If regional Kurds can organize effective political leadership, they could become a dominate power in their neighborhood. Should Turkey with its increasingly oppressive President Erdogan decide to treat the rise of the Kurds as a burgeoning threat, the ensuing conflict would eliminate any stability within the vicinity of Turkey. In turn, groups like the Islamic State would take advantage of such chaos to reassert themselves.
Fortunately, Middle Eastern countries are beginning to recognize the value of the nation-state and the need to provide for regional security. If regional efforts to tackle the Islamic State are truly sincere and sustainable, there may well be enough willingness on behalf of regional leaders to keep the Turkish government in check.
Given the Kurds appear to be the best chance of providing stable governance in the Iraq–Syria neighborhood, governments of Muslim-dominated countries may well even be persuaded to support the rise of Kurdish political influence. Iran, of course, is unlikely to tolerate the loss of its Kurdish territory, but a unified Middle East supporting the Kurds could help subdue Iran’s response to a Kurdish uprising.
Considering many of the problems within the Middle East are rooted in discontent among the populous, governments willing to support efforts to tackle terrorism and extremism in general is not enough. The People in the region need to see value in supporting their governments, i.e. do their governments serve them, and fighting extremists.
With the Islamic State transitioning back into a transitional terrorist organization, government efforts to combat the Islamic State will grow increasingly reliant on the support of average citizens. Boldly exemplified by the Arab Spring protests, the governments of the Middle East have too often failed to serve the interests of their Peoples.
At the same time, the Middle East is plagued by sectarian conflicts and ongoing grievances. Israel, which serves as a clear-cut example, has a powerful and highly effective military that could do a lot to degrade the operational capacity of the Islamic State as a military force and terrorist organization.
Due to Israeli’s conflict with Hamas, which often features an extremely heavy-handed, indiscriminate use of force against the Palestinian People, Israel’s involvement in the fight against the Islamic State could rally support for the Islamic State. As it is, the Islamic State has recently managed to assimilate three groups of Syrian rebels as they move closer to war with Israel.
Consequently, leaders of the region need to put aside ongoing disputes and deeply entrenched grievances with other countries in order to prioritize the true threats to their national and regional security. In turn, they must rally support among their People by addressing their grievances.
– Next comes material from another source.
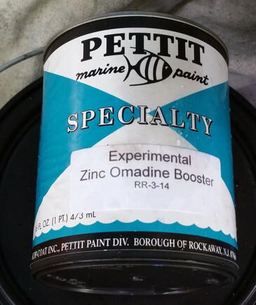 But is the 4.8% Zinc Omadine in Hydrocoat Eco (and several other Pettit formulations) good enough for surprisingly slimy Camden Harbor? I’m confident that the paint is applied properly this time, but half of it also contains a booster that Pettit is experimenting with for extra difficult locales.

For Israel, this means focusing on its broader security threats and seeking reconciliation with the Palestinian People, so regional powers can treat Israel as an ally against extremism instead of a leper assured to drive public outrage. For governments like the Assad regime, this means giving up power, so terrorism can be the only objective of war. For other nations of the region, it means focusing on broader regional concerns and human needs rather than cultural and other traditional divisions.